Friday, May 20, 2011

You can't there from here


Today's gospel ends with "no one comes to the Father except through me." For some, this gets interpreted as Christians get to heaven, everyone else burns in hell. The Catholic position is a bit more nuanced.

For us there was the pre-Jesus divide. Humans were human, God was God. Then in the person of Jesus, the two are brought together, and suddenly it is possible for all humans to share the divine life. In this sense, it is only through him, his life, death, and resurrection, that we can be part of the divine life.

If Jesus is God, as we rightly assert, then how can I be part of God, and not part of Jesus.

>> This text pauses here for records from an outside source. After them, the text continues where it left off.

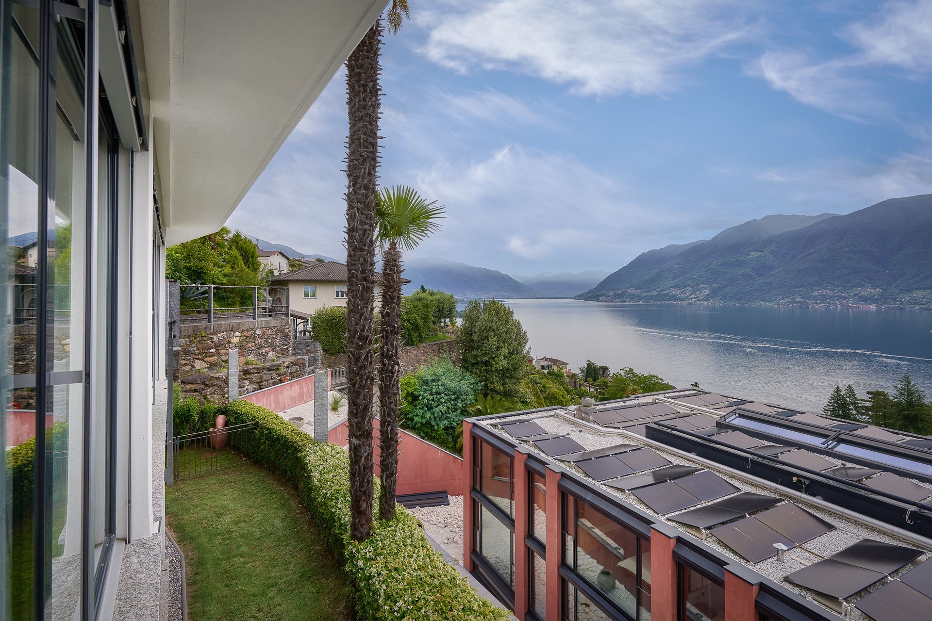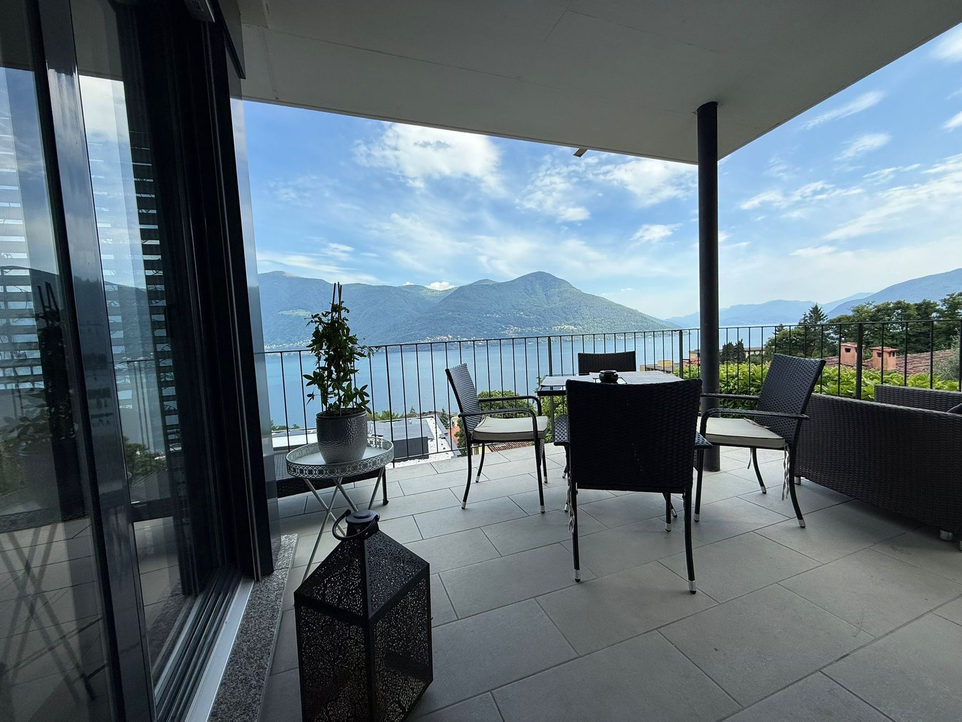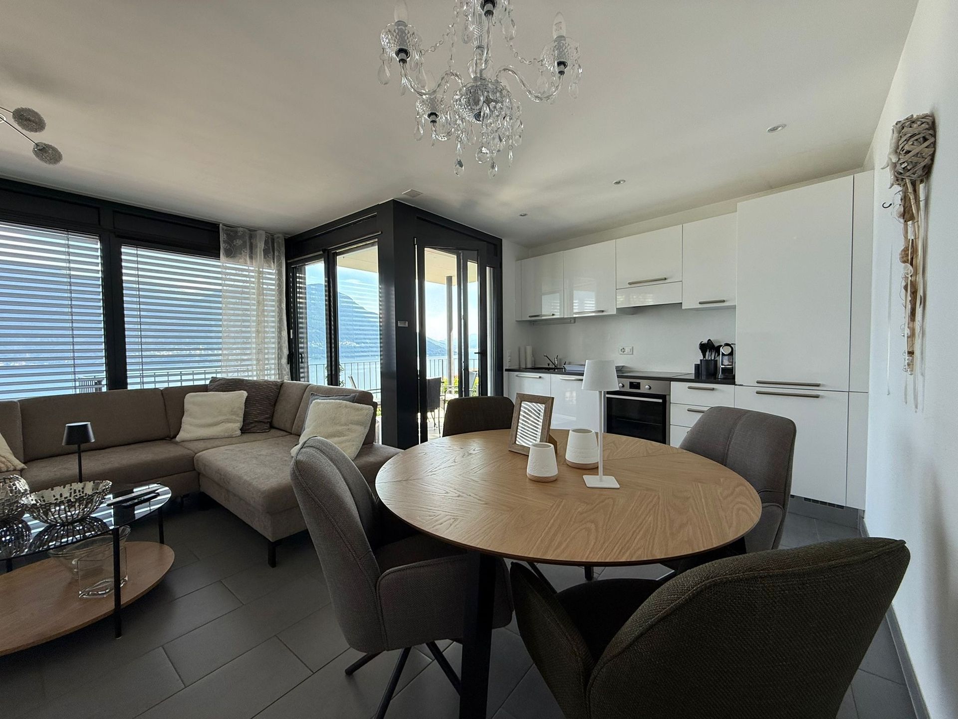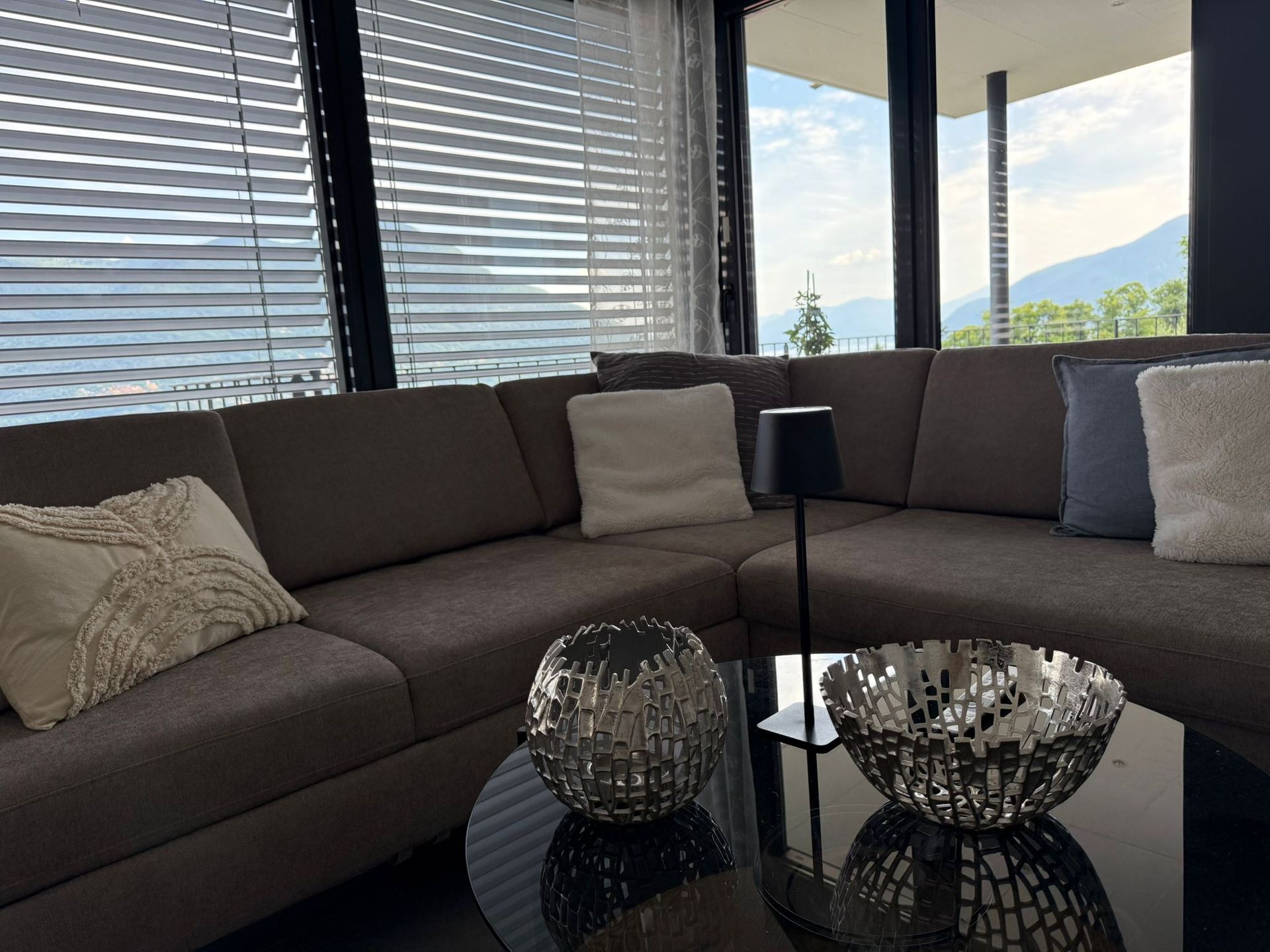 Egal, wo Sie sich in diesem elegant in Beige und Schwarz gestalteten Appartement befinden – ob Sie in der offenen Küche das Essen zubereiten, am Esstisch ein Glas Tessiner Wein genießen, den Abend in der anschließenden Sofaecke ausklingen lassen oder sich in eines der beiden Schlafzimmer zurückziehen – Sie haben immer einen atemberaubenden Blick auf den See und das gegenüberliegende Bergpanorama. Große bodentiefe Fenster gewähren Ihnen einmalige Ausblicke – aus jeder Perspektive. Und was gibt es Schöneres, als am nächsten Morgen auf der lichtdurchfluteten Terrasse in bequemen Rattan-Stühlen den Tag zu begrüßen.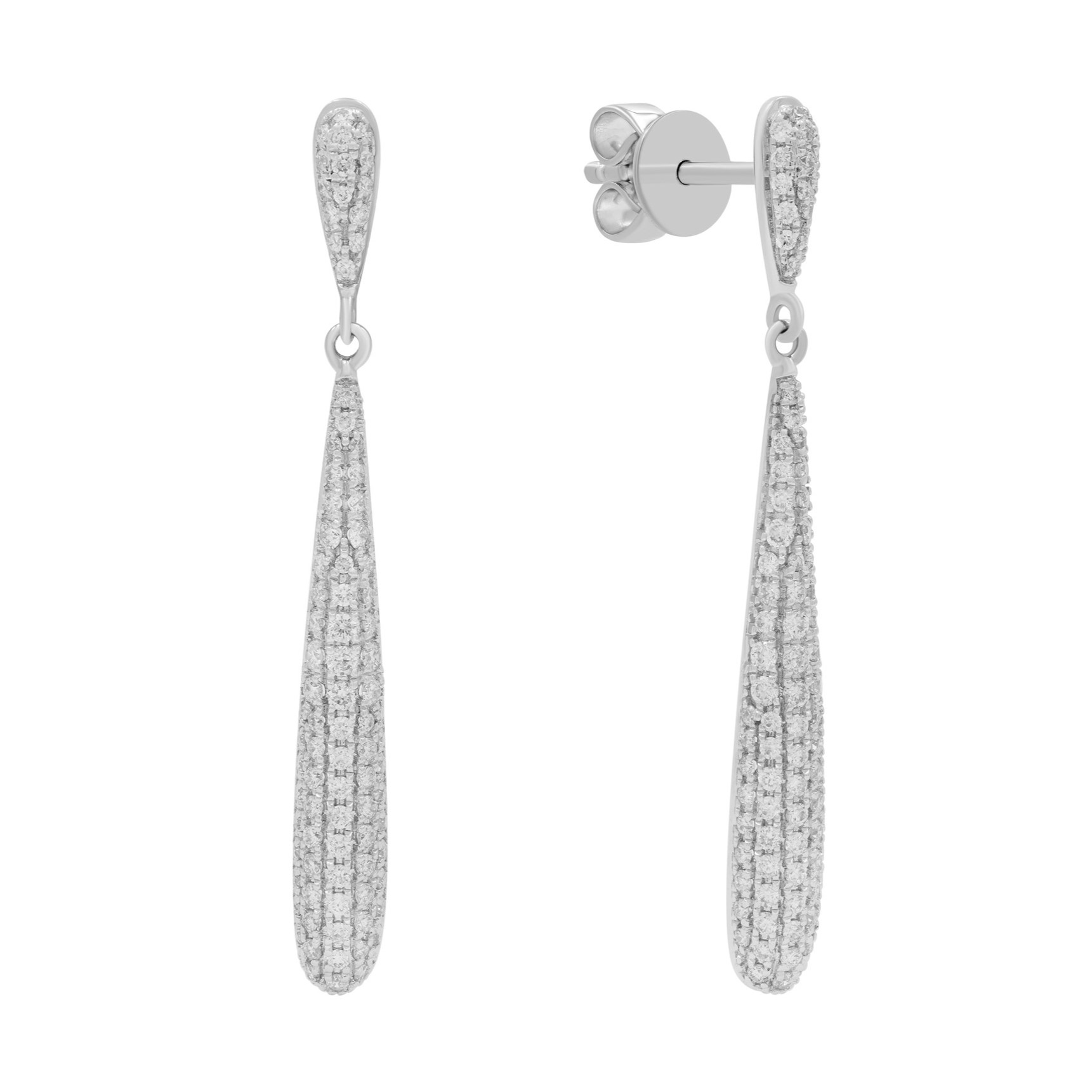 - עגילים תלויים משובצים יהלומים – מזהב לבן 14 קראט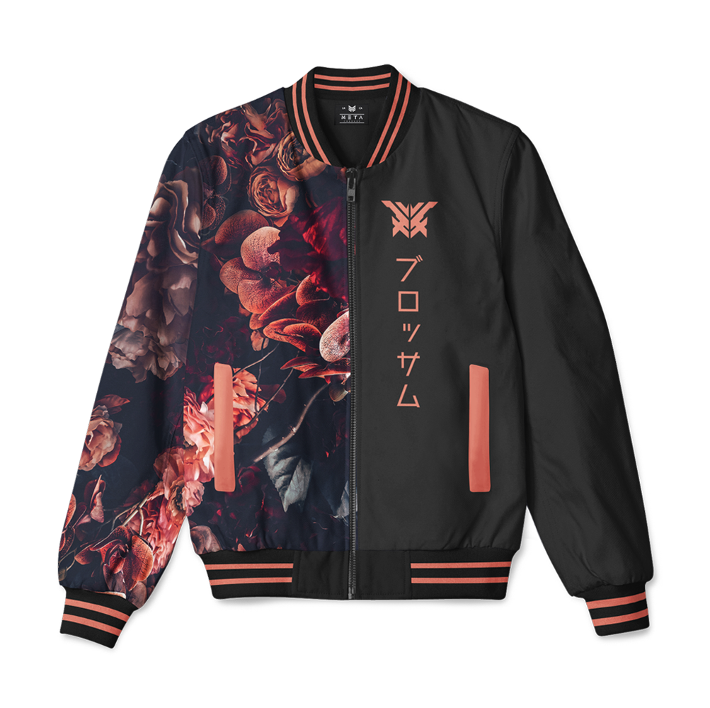 Introducing the DOTEXE n00blet Blossom Bomber Jacket. The n00blet Bomber Jacket features a comfortable, slim-fit, Polyester jacket body with custom sublimated graphics throughout the jacket.. The n00blet bomber is lightweight, windproof, And water resistant.

As an adopted child, I compare it to the issue of my biological parents. Even though I have never seen them, and probably never will, I must acknowledge that it is only through them that I have biological life. Even if I were to claim that I have no interest in knowing them, the fact of their being the source of my physical life would remain. For me to say, they have no part in my life would be irrational.

In the same way, in our Catholic understand it is possible for people who do not know Jesus, but strive to do God's will to participate in salvation/ the divine life, but there is no getting around the fact that Jesus is the source of that divine life, just as my biological parents whom I do not know are the source of my physical life.

Were it not for them I would not have physical life, were it not for Jesus, none of us would share the divine life. God would have remained God, and humans merely human. We do not get physical biological life on our own without parents, and were it not for God's choice to be one with us in Jesus we would not have the divine, spiritual life that we call "salvation."